Collected material:
=======
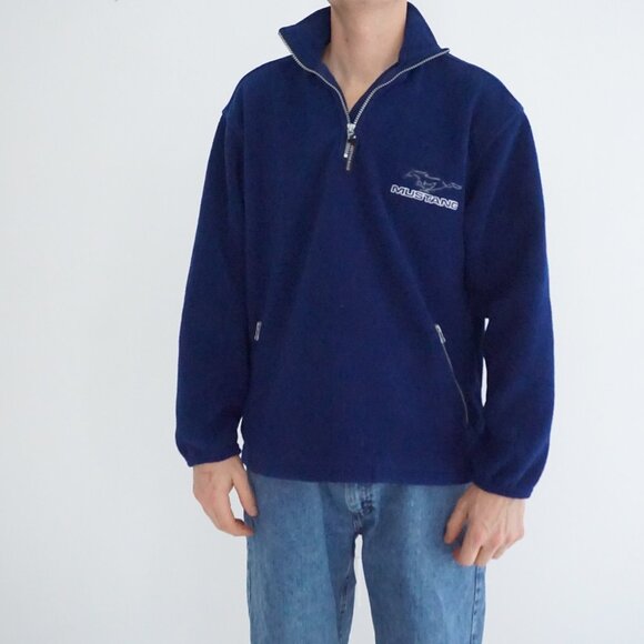 Autobahn Mustang Navy Fleece Quarter Zip Pullover Sporty Y2K Car Culture L
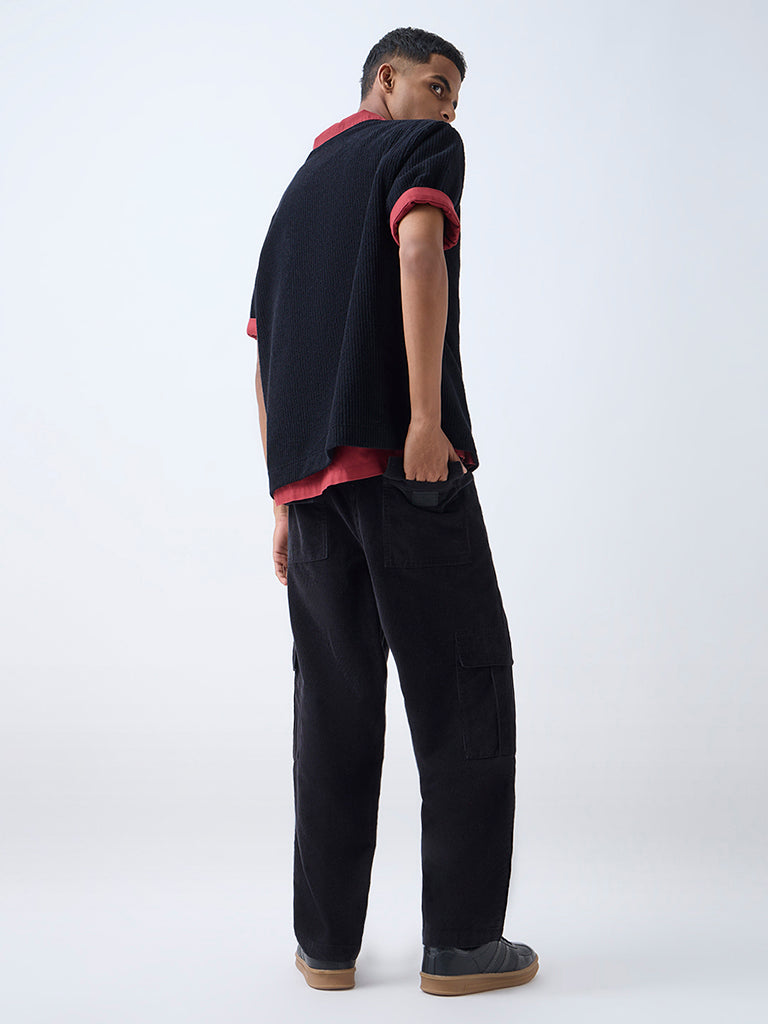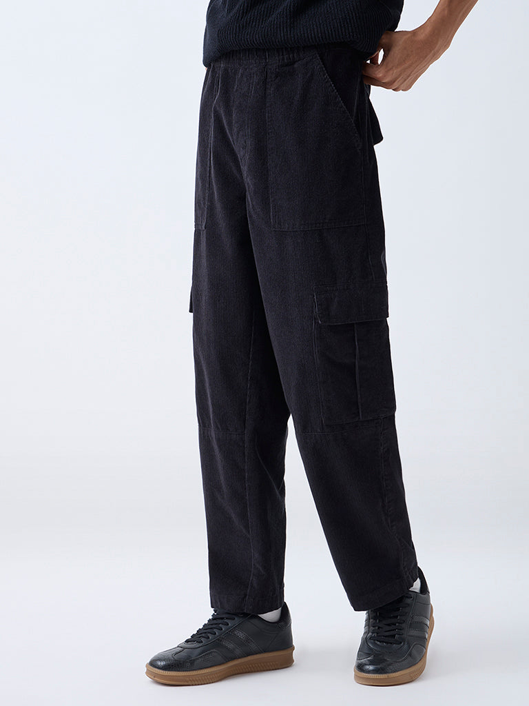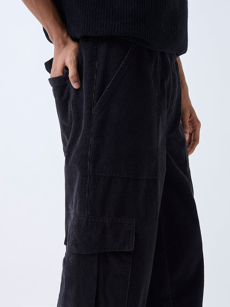 Nuon Black Cargo-Style Relaxed-Fit Mid-Rise Corduroy Pants
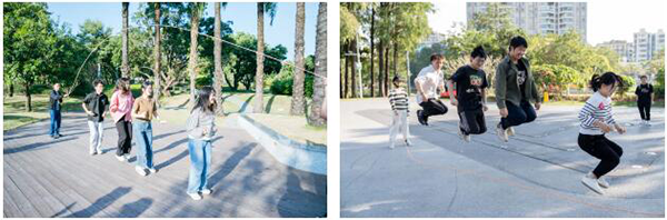 寻宝队先找守护者抽签得出跳绳次数后,然后两名成员对立舞绳,其余成员一起完成相应次数陆续在跳绳,则闯关成功。
=======
Working from the line containing "Nuon Black Cargo-Style" to the last line of the data, retype every line exactly, both ends included, and leave out all pictures.

 Nuon Black Cargo-Style Relaxed-Fit Mid-Rise Corduroy Pants
 寻宝队先找守护者抽签得出跳绳次数后,然后两名成员对立舞绳,其余成员一起完成相应次数陆续在跳绳,则闯关成功。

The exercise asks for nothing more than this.